President Bola Tinubu has assented to the four tax reform bills passed by both chambers of the National Assembly after several months of legislative work and consultations.
The four bills are the Nigeria Tax Bill, the Nigeria Tax Administration Bill, the Nigeria Revenue Service (Establishment) Bill, and the Joint Revenue Board (Establishment) Bill, focusing on key areas of Nigeria’s fiscal and revenue framework.
Tinubu signed the bills at a brief ceremony held at the Presidential Villa, Abuja, at about 3:20 pm on Thursday.
The presidential assent was witnessed by the Senate President, Speaker of the House of Representatives, Senate Majority Leader, House Majority Leader, chairman of the Senate Committee on Finance, and his House counterpart.
The Chairman of the Governors Forum, Mr. Abdulrahman Abdulrazaq of Kwara State, the Chairman of the Progressives Governors Forum, Mr.
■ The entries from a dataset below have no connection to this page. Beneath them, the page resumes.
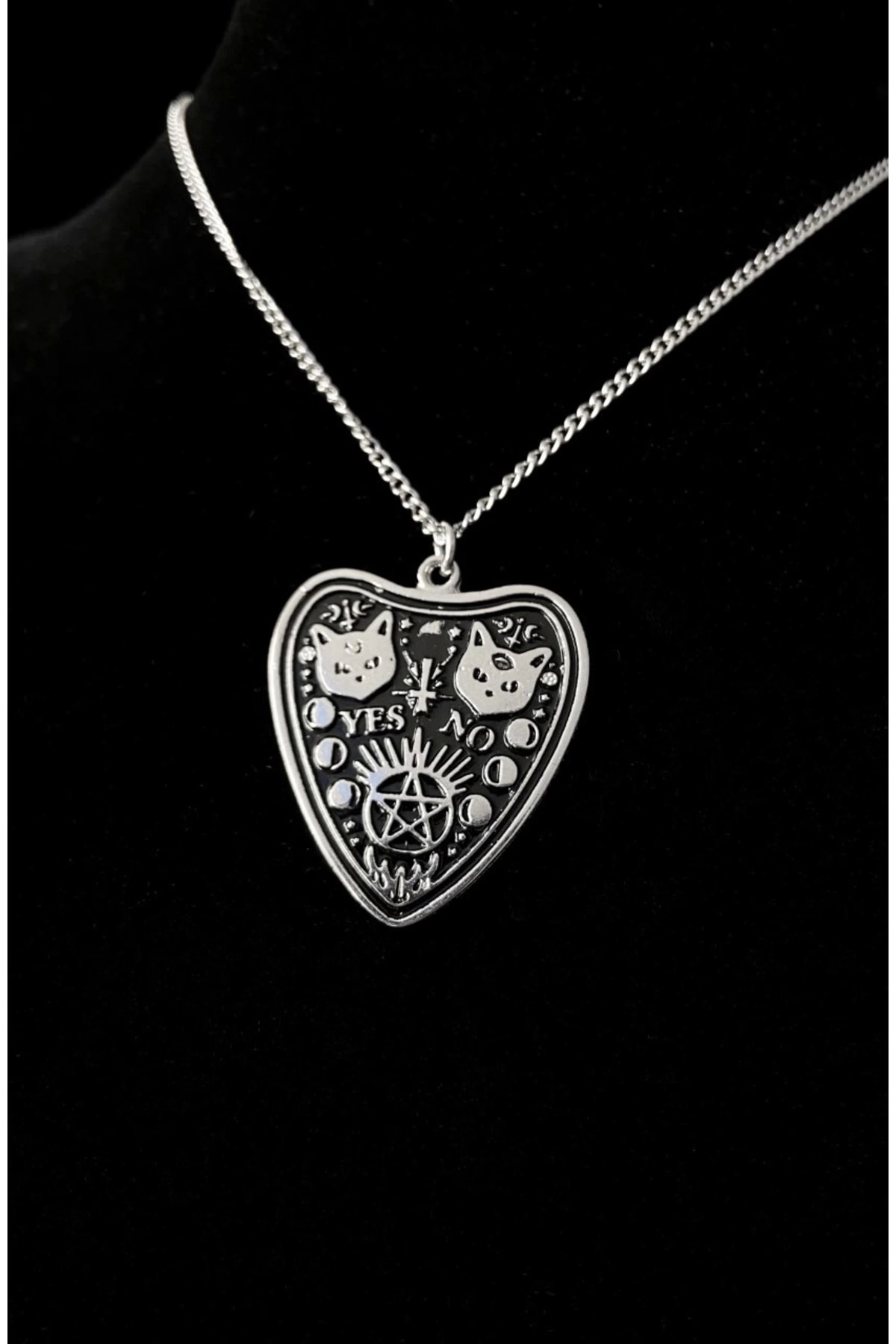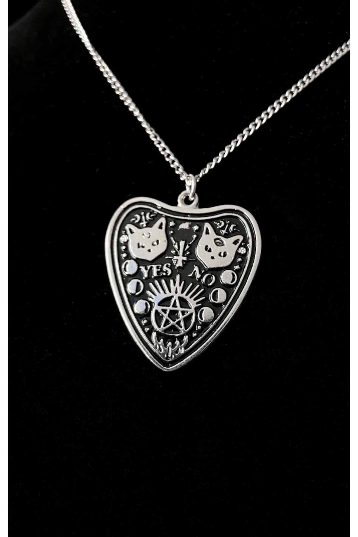 Gotik Punk Kedili Siyah Ouija Kolye ; Kolyenin Zincir uzunluğu 30 cm'dir.; İstenilen ölçüde kısaltılarak kullanılabilmektedir.; ; Materyal : Metal;
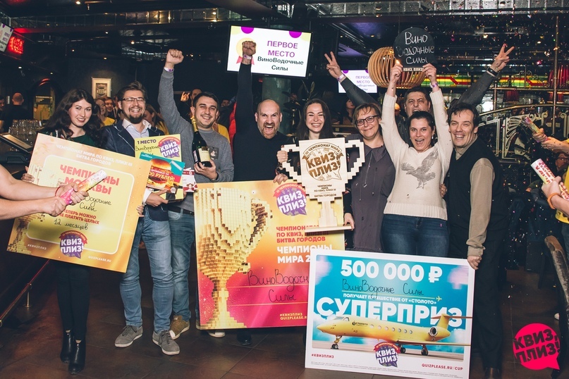 Как вы уже наверняка знаете, Чемпионом мира по Квиз, плиз! стала сборная Москвы и команда #ВиноВодочные_Силы! С чем мы их и поздравляем. А крутым победителям — крутые подарки. И эти ребята собрали, кажется, вообще всё: сертификат на 5к в баре; промокоды на книги от издательства «Манн, Иванов и Фербер»; сертификаты на приобретение дизайнерских ковров в шоу-руме Decor Magic; проходка на игры Квиз, плиз! на целый год; ну и конечно сертификат на 500к на авиабилеты в любую точку мира от нашего Генерального партнёра, компании «Столото». Вторыми в этой нелегкой битве пришли #7.13! Не знаем, как вам это удалось, но восхищаемся. И награждаем соответствующе: сертификаты на приобретение дизайнерских ковров в шоу-руме Decor Magic; полугодовой абонемент в Крокус-фитнес; промокоды на книги от издательства «Манн, Иванов и Фербер»; проходка на следующую игру Квиз, плиз! Вчера вечер удался и у команды #Голодные_игры. Они вскочили на третью ступень нашего пьедестала! Не считая того, что в целом здорово провели время и получили классные призы: огромный набор настольных игр от Cosmodrom Games; промокоды на книги от издательства «Манн, Иванов и Фербер»; и конечно маленечко алкоголя, чтобы отпраздновать призовое место. #Мансарда_13 решили показать всем, какие они крутые. И показали — стали четвертыми! Ещё и получили за это всякого: 2 настолки от Cosmodrom Games; подарок от ToDoBox; промокоды на книги от издательства «Манн, Иванов и Фербер»; бУхлИшКо. Передаем поздравления команде #Братья_по_умолчанию! Они стали пятыми, а такое без внимания и без подарков оставаться не должно. И не осталось: настолка от Cosmodrom Games; подарок от ToDoBox; промокоды на книги от издательства «Манн, Иванов и Фербер». Вчера #Последний_сон_Менделеева умопомрачительно сыграли в Квиз, плиз!, а после угостились алкоголем за наш счёт и получили подарки: настолка от Cosmodrom Games; промокоды на книги от издательства «Манн, Иванов и Фербер». Кроме этого все оставшиеся команды, которые внесли вклад в победу сборной Москвы в Чемпионате (это места с 6 по 15), получили промокоды на книги от издательства МИФ. Вот эти герои: #Похоронное_бюро #Родные_шпинаты #Если_не_мы_то_кот #Скамейка_запасных #Жиробарсики #Енот_да_не_тот #Команда_Воронова #Чай_вдвоём_секс_втроём и #Енот_Why_Not. В финале участвовали 99 команд из Москвы и Новосибирска, средние баллы и сводная таблица Чемпионата ниже: Москва — 47,13 Новосибирск — 44,7 Хочется особенно отметить команду #Фасолинки из Новосибирска — вы круто сражались, респект! Спасибо всем городам-участникам Чемпионата, всем, кто был с нами, поддерживал, болел и главное — играл. Гордимся вами.
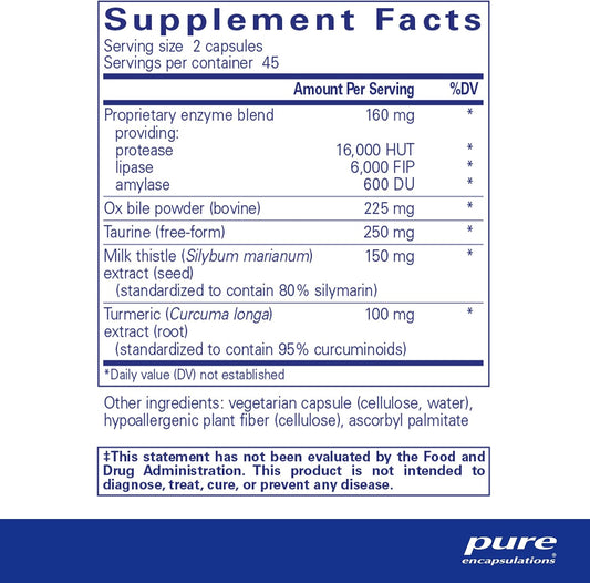 Digestive Enzyme Supplement for Gallbladder Support - Pure Encapsulations Digestion GB - with Bile Salts & Digestive Enzymes - Gluten Free & Non-GMO - 90 Capsules
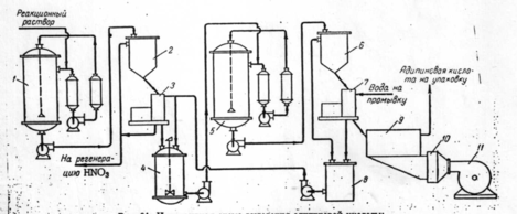 Промышленное производство адипиновой кислоты методом доокисления азотной кислотой продуктов воздушного окисления циклогексана включает следующие стадии:
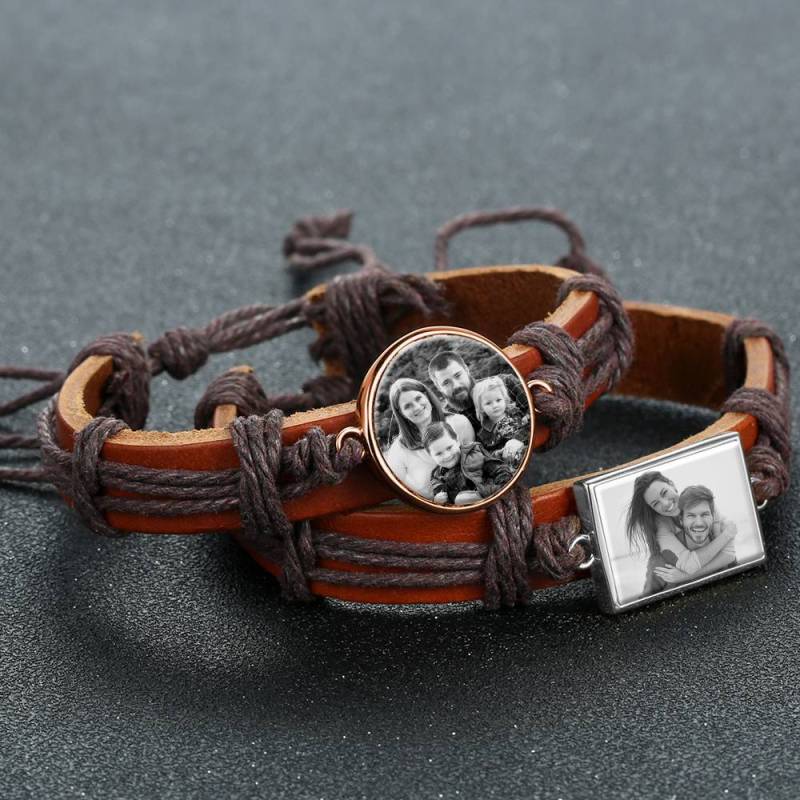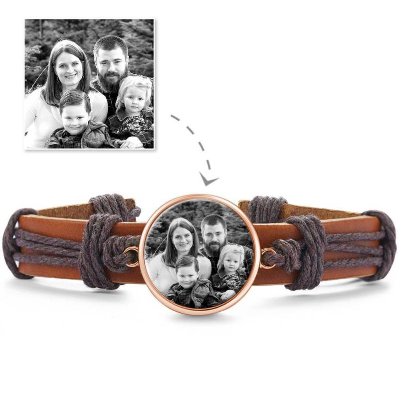 Photocopying Brown Leather Round-shaped Photo Bracelet Rose Gold Plated
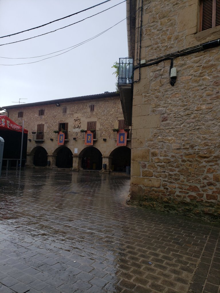 Maybe it was a good thing, as the fear of being charred took my mind off the big climb over rocky, muddy roads. We arrived at the next town (Mañeru) and luckily found a covered area by the fountain. There was a group of 20-somethings chatting there, and we all shared the dry spot for a spell and contemplated whether to wait or charge through the rain.
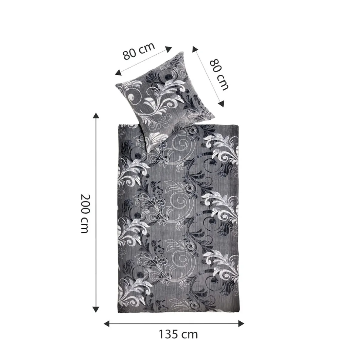 Abmessungen: Bettbezug (LxB): 200×135 cm, Kissenbezug (LxB): 80×80 cm
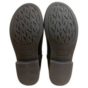 Stylish and sleek, these Michael Kors Emma Derby Riding Boots in girls size 2 feature a classic black and brown leather design with gold-tone MK logo hardware. These mid-calf boots are perfect for fall and winter, pairing easily with dresses, leggings, and jeans for a polished, put-together look. Crafted with durable faux leather, side zip closure for easy on/off, and a comfortable fit for all-day wear. A mini fashion statement for the little trendsetter! Few scuffs on toe of one boot as shown in pictures, otherwise in great condition.
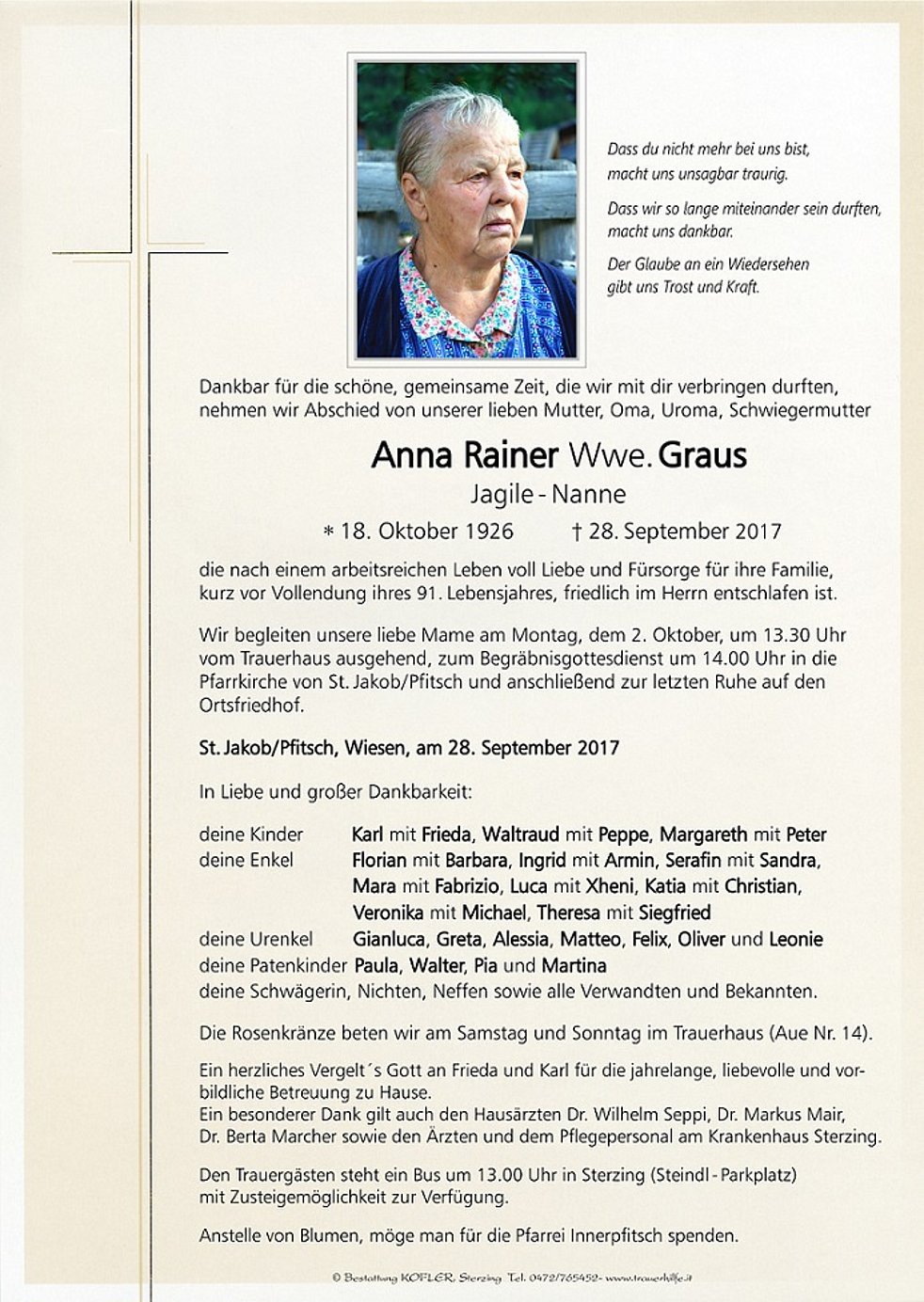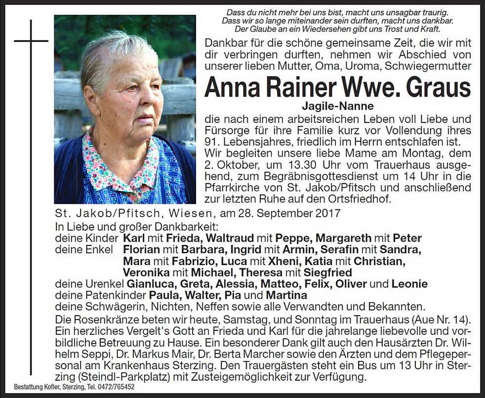 Wir begleiten unsere liebe Mame am Montag, dem 2. Oktober, um 13.30 Uhr vom Trauerhaus ausgehend, zum Begräbnisgottesdienst um 14.00 Uhr in die Pfarrkirche von St. Jakob/Pfitsch und anschließend zur letzten Ruhe auf den Ortsfriedhof.

Hope Uzodinma of Imo State, the Minister of Finance and Coordination Minister of the Economy, Wale Edun, and the Attorney General of the Federation, Lateef Fagbemi (SAN), were also at the ceremony.
One of the four bills is the Nigeria Tax Bill (Ease of Doing Business), which aims to consolidate Nigeria’s fragmented tax laws into a harmonised statute.
“By reducing the multiplicity of taxes and eliminating duplication, the bill will enhance the ease of doing business, reduce taxpayer compliance burdens, and create a more predictable fiscal environment,” said the Presidency in a statement on Wednesday night.
The second bill, the Nigeria Tax Administration Bill, will establish a uniform legal and operational framework for tax administration across federal, state, and local governments.
The Nigeria Revenue Service (Establishment) Bill, the third bill, repeals the current Federal Inland Revenue Service Act and creates a more autonomous and performance-driven national revenue agency— the Nigeria Revenue Service.
It defines the NRS’s expanded mandate, including non-tax revenue collection, and lays out transparency, accountability, and efficiency mechanisms.
The fourth bill is the Joint Revenue Board (Establishment) Bill.
It provides for a formal governance structure to facilitate cooperation between revenue authorities at all levels of government. It introduces essential oversight mechanisms, including establishing a Tax Appeal Tribunal and an Office of the Tax Ombudsman.
Persecondnews recalls that President Bola Tinubu had in October 2024 transmitted the four tax reform bills to the National Assembly for consideration and passage.
The bills, drafted by the Presidential Committee on Tax Reforms and Fiscal Policy, aim to revolutionize Nigeria’s tax landscape by overhauling the existing tax laws, promoting exports, and streamlining tax administration.
However, the bills faced stiff opposition, mainly from the Northern parts of the country, particularly from Northern governors who had described the bills as “anti-North.”
The debates of the bills took a divisive turn, pitting the North against the South, with the contentious issue of VAT sharing formula at the forefront of the controversy.
The National Economic Council (NEC) chaired by Vice-President Kashim Shettima had urged President Tinubu to withdraw the contentious bills for further consultations across the country.
Tinubu, however, stood his grounds, asserting that all concerns regarding the bills should be addressed during deliberation in the National Assembly, instead of withdrawing the bills.